The remainder of this paper is organized as follows. We first review the most relevant work in Section 2. Then, the mathematical concepts of PF and insect vision theory will be introduced briefly in Section 3. The proposed algorithm is detailed in Section 4, including model representation, motion estimation, local and global search strategies, and online template update method. In Section 5, the experimental results are presented with comparisons with state-of-the-art methods on challenging sequences. Section 6 concludes with a discussion and the future work.

Most recently, several studies in the literature have given detailed surveys of tracking [12, 2124]. Among all the various algorithms, PF-based tracking algorithms have always drawn the attention from the researchers since Isard and Blake [12, 22] first introduced PF into solving tracking problems. Despite much demonstrated success of these generative tracking approaches, several problems remain to be solved, such as abrupt motion, fast movement, and server occlusion. In this section, we review the two most relevant topics that motivate this work: the state transition model and the search strategies.

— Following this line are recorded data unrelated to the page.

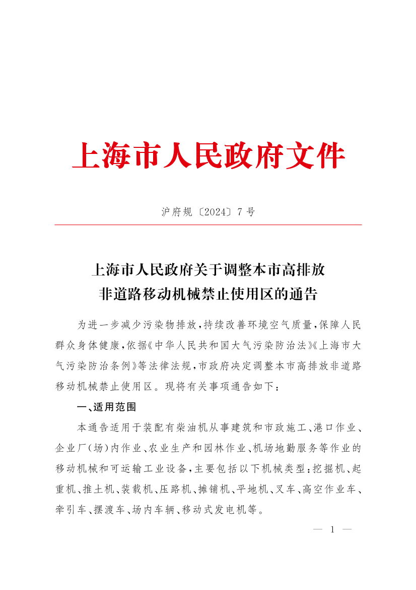为进一步减少污染物排放,持续改善环境空气质量,保障人民群众身体健康,依据《中华人民共和国大气污染防治法》《上海市大气污染防治条例》等法律法规,市政府决定调整本市高排放非道路移动机械禁止使用区。现将有关事项通告如下:
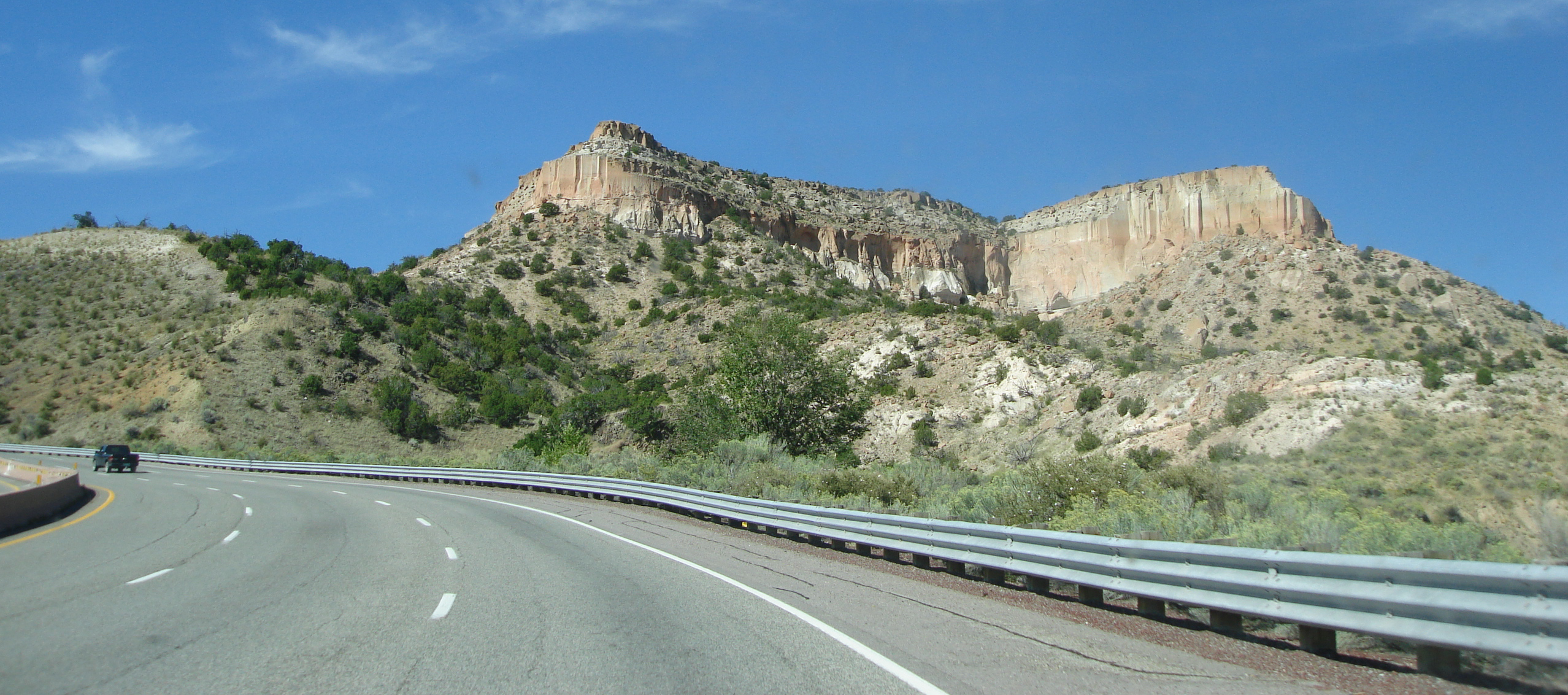A dash warning light told us we had a mystery soft tire (one light for all four tires is troubling). I have had, for years, a 12v tire pump that works off the lighter socket, so I set out to rectify the situation, only to discover that its hose had ripped, Zeus knows how. Also, there was no tire gauge in the glove box, as was specified, so we were in a bit of a pickle. Apparently, New Mexico gas stations are prohibited by law from having air hoses for their customers, for we came up empty repeatedly until we were directed to a weird truck stop that had a barely functioning air hose, but no regulator nor gauge. We filled each tire and restarted the car until the warning light went out, so we had no idea how much pressure was in the tires but none of them were low.
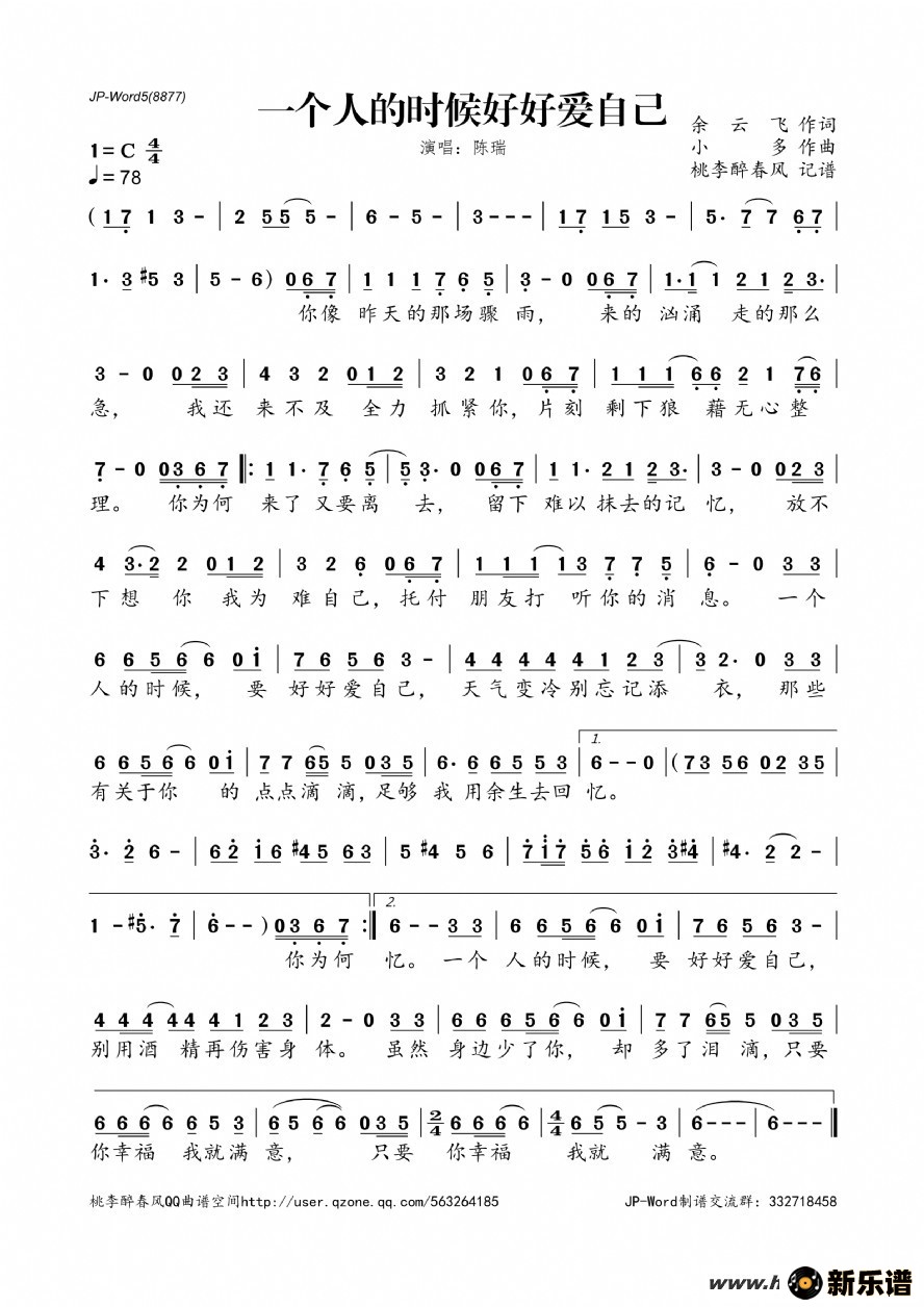 一个人的时候好好爱自己陈瑞 陈瑞演唱的一个人的时候好好爱自己歌词,一个人的时候好好爱自己简谱. 你像昨天的那场骤雨来的汹涌走的那么急我还来不及全力抓紧你片刻剩下狼藉无心整理你为何来了又要离去留下难以抹去的记忆放不下想你 我为难自己托付朋友打听你的消息一个人的时候要好好爱自己天气变冷别忘记添衣那些有关于你的点点滴滴足够我用余生去回忆你为何来了又要离去留下难以抹去的记忆放不下想你 我为难自己托付朋友打听你的消息一个人的时候要好好爱自己天气变冷别忘记添衣那些有关于你的点点滴滴足够我用余生去回忆一个人的时候要好好爱自己别用酒精再伤害身体虽然身边少了你 却多了泪滴只要你幸福我就 满意只要你幸福我就 满意 此简谱由新乐谱会员 桃李醉春风 上传
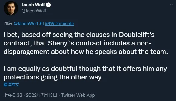 我敢打赌,参考一下之前Doublelift的合同,Shenyi的合同中很可能也包括了不能对战队发表负面评论的条款。但我同样怀疑TSM是否在合同中为Shenyi提供了同样的保护(指不发表负面评论)。

Abrupt motion or fast movement scenarios are frequently available in tracking process. Most of the tracking methods cannot handle these problems because of their smooth motion assumptions. The conventional approach is usually resorting to prior motion cues. Assuming the target region moving with constant velocity and scale change, Nummiaro et al. [11] use a first-order dynamic model to propagate the sample set. These kinds of dynamic propagate modes are very popular now, some with slight modification (e.g., using standard second-order autoregressive process to replace the first-order model) [13, 2325]. Sullivan and Rittscher [26] propose a deterministic search method to guide the random samples. This method computes the momentum for each particle. A deterministic search and the stochastic diffusion are performed alternatively according to the momentum to generate the offspring of the particles. Zhou et al. [27] propose an adaptive velocity motion model in the prediction scheme. The adaptive velocity is calculated using a first-order linear prediction method based on the appearance difference between two successive frames. Kwon and Lee [3] decompose the motion model into multiple basic motion models in the tracking process. Each basic motion model describes different types of motions made by a Gaussian perturbation with a different variance. This method mainly covers two kinds of motions: the smooth motion with a small variance and the abrupt motion with a large variance. Similarly, Yao et al. [28] utilize a variable variance to balance the smooth motion and fast movement. Kwon and Lee [29] propose a tracking algorithm based on the Wang-Landau Monte Carlo sampling method which efficiently deals with the abrupt motion. This method utilizes the likelihood term and the density of states term to handle the smooth motions and abrupt motions, respectively. To address the abrupt motion problem, Zhou et al. [30] combine a density-gird-based predictive model with the stochastic approximation Monte Carlo sampling to give a proposal adaptation scheme. This method is effective but a large number of particles are needed.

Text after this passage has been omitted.